Slinger Francisco, better known as The Mighty Sparrow, is the unrivalled Calypso King of the World, with a career that spans nearly 65 years.
Although many people think he is from Trinidad he was actually born in Grenada.
They migrated to his adopted h o m e l a n d , when he was a baby. He went to an all boys’ school and joined the choir of his local church. His influences were widespread – from Nat King Cole and Frankie Laine, Sarah Vaughan and Billy Eckstine to the early calypsos of Lord Melody, Lord Kitchener, Lord Christo and Lord Invader.
His breakthrough song, Jean and Dinah, came when he was 20 years old. In 1956 he spoke of improvement for calypsonians and steelband men in Carnival Boycott and the song was eventually responsible for the formation of the Carnival Development Committee.

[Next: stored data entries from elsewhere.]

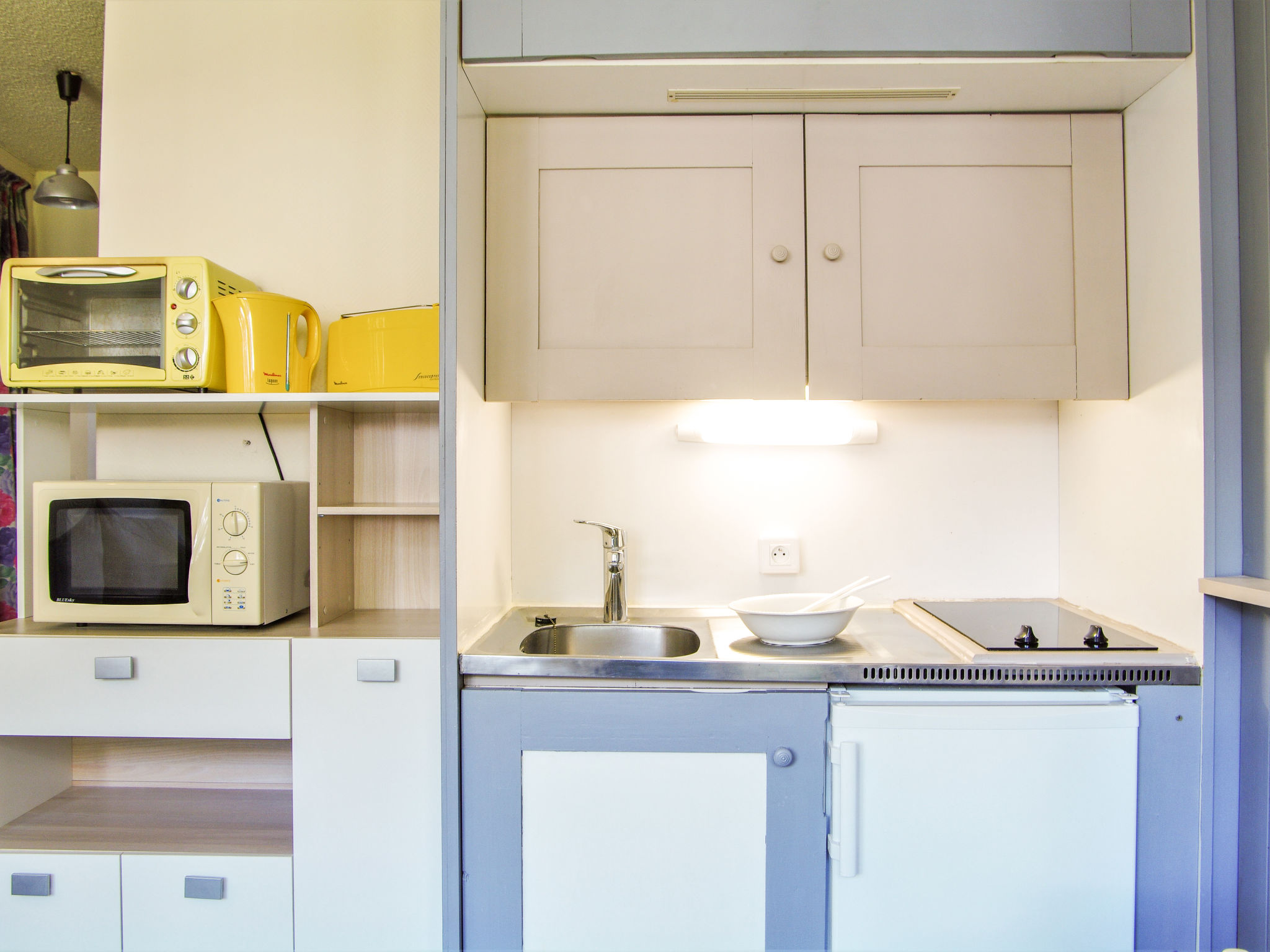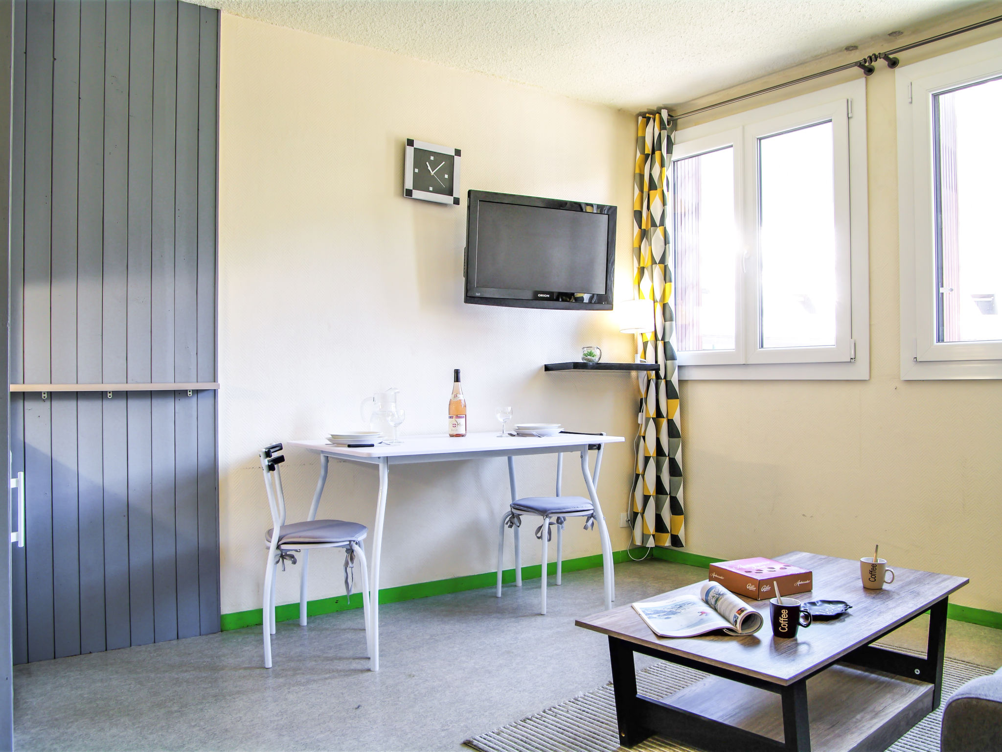 1-Zimmer-Studio 19 m2 im 3. Stock, Nordwestlage. Wohn-/Esszimmer mit 1 Doppeldiwanbett (160 cm, Länge 200 cm), TV. Kochnische (2 Kochplatten, Backofen, Wasserkocher, Mikrowelle, elektrische Kaffeemaschine). Dusche/WC. E-Heizung, Boiler. Sicht auf die Berge. Zur Verfügung: Internet (Wireless LAN, extra). Höhe 185 cm. Bitte beachten: TV nur FR. Rauchmelder. Inserat einer Privatperson nach Artikel 155, IV, CGI.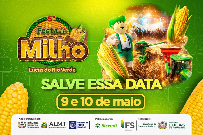 Um dos eventos mais tradicionais da região, a Festa do Milho, já começa a ganhar destaque em Lucas do Rio Verde. A 5ª edição será realizada nos dias 9 e 10 de maio, com entrada gratuita e uma programação voltada para toda a família, reunindo música, gastronomia e cultura local.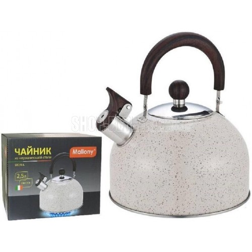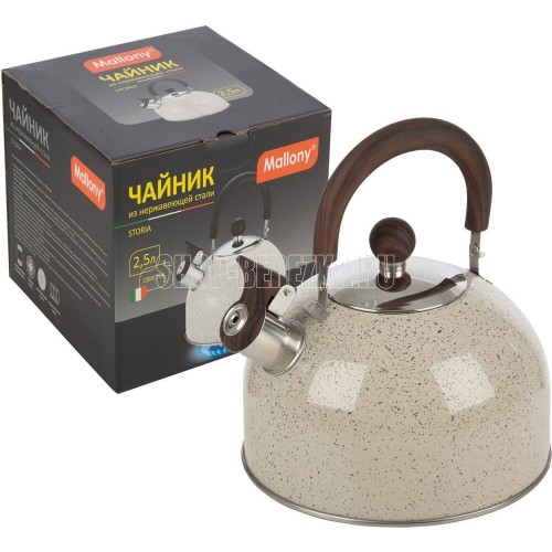 MALLONY Чайник STORIA, объем 2,5 л, из нерж стали со свистком, окрашенный, ручка под дерево (007190)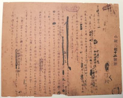 最后是編輯技術(shù)處理,也頗多未解之謎。稿紙每篇第一頁上鈐有“小說月報□□號用”的藍(lán)色印章,這不奇怪,是編輯部的用稿印證。但每頁上還有一個橢圓形的藍(lán)色印章,印文是“華字部公證圖章”,商務(wù)印書館印刷所有華字部、華英字部、西字部、中文校對部、西文校對部等等部門,但“公證”究為何用,卻不能很肯定。手稿上還留下編輯標(biāo)注的排版格式,編輯術(shù)語稱為“劃版樣”。排版編輯的字,似乎是另一個人的字,但《莎菲女士的日記》的編輯修改更多,因為是日記體,每一天的上方,都標(biāo)注字號:“五號方頭——”。其字體也與另兩篇的編輯字一致,這說明,這一篇的批改文字雖然與美編一樣用的是紅墨水,也有可能是葉圣陶的處理。當(dāng)然,這些還都是值得進(jìn)一步研究的。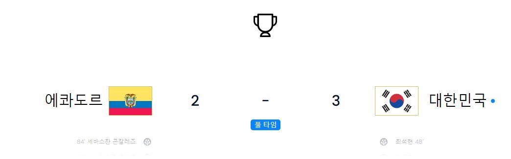 마지막으로 에콰도르가 전반적으로 공세를 가하는 가운데, 한국은 밀집 수비와 역습을 통해 에콰도르의 공격을 막아냈습니다. 한국의 수비진은 특히나 김준홍을 비롯한 선수들의 노력으로 에콰도르의 득점을 최소화했습니다. 경기 종료 직전에는 이영준이 헤더로 골망에 향했지만 골키퍼에게 막혀 크로스바를 넘기지 못했습니다.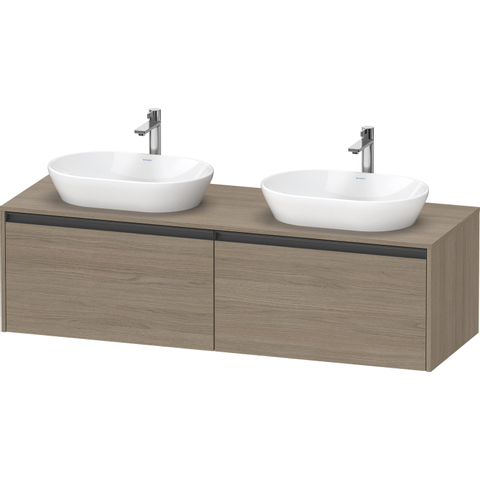 Duravit Ketho 2 meuble sous-lavabo avec plan de console avec 2 tiroirs pour doubles vasques 160x55x45,9cm avec poignées chêne anthracite terra mat

The early ‘60s saw Sparrow relentlessly hit the charts and have the hits on the streets.
It wasn’t only about calypso, though. In 1965 he remade Arthur Prysock’s original, Only A Fool Breaks His Own Heart, alongside Byron Lee and the Dragonaires (the song went on to be used by Wyclef on his The Carnival album).
The hits continued – Melda; Good Morning, Mr Walker; Sa Sa Yea, Drunk & Disorderly – and the iconic status was now assured. His ability make you laugh, think and dance at the same time and in equal measure is a skill he maintains to this day.
His appeal stretches way past the Caribbean diaspora (in 1977 he received the honorary title of Chief of the Yorubas in Nigeria). As the music morphed in Soca, he kept pace and was continued to put social commentaries in his music (even though the scene was moving to a more ‘dance’ and frivolous serious of topics.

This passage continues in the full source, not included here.